ENTRIES SHOWN =
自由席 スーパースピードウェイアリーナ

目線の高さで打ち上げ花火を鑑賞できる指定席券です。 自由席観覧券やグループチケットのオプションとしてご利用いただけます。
--
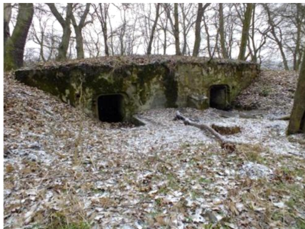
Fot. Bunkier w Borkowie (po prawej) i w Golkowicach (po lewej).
* * *
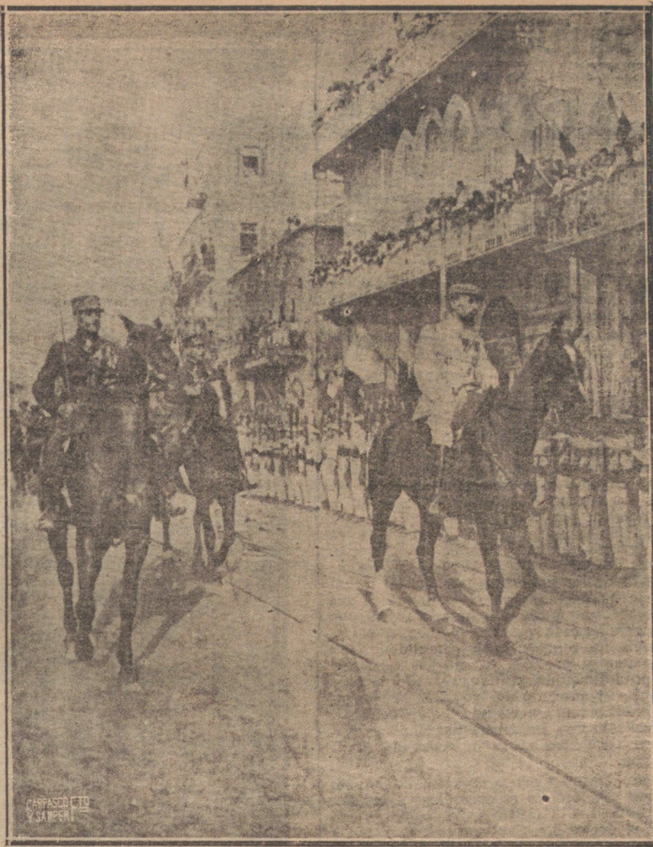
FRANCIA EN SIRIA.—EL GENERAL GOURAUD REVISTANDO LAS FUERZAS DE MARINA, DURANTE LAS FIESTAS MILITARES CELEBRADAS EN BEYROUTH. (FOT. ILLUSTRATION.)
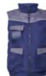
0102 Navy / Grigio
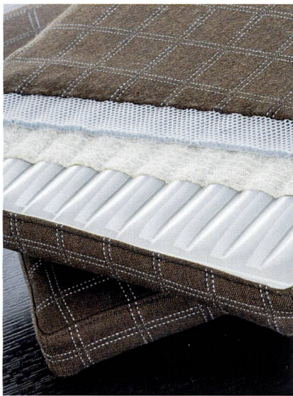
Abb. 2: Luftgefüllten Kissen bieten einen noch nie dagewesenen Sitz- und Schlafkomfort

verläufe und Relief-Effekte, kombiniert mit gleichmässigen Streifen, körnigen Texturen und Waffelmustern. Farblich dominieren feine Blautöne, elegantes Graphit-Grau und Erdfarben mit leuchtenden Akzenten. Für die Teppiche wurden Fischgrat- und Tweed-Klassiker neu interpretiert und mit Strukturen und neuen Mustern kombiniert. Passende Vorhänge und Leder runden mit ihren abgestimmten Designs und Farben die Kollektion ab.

ASSIGNMENT = Output, from the data above, the lines from the line with "自由席 スーパースピードウェイアリーナ" to the line with "目線の高さで打ち上げ花火を鑑" exactly as they stand, both ends included and nothing else.

COMPLETED TASK =
自由席 スーパースピードウェイアリーナ

目線の高さで打ち上げ花火を鑑賞できる指定席券です。 自由席観覧券やグループチケットのオプションとしてご利用いただけます。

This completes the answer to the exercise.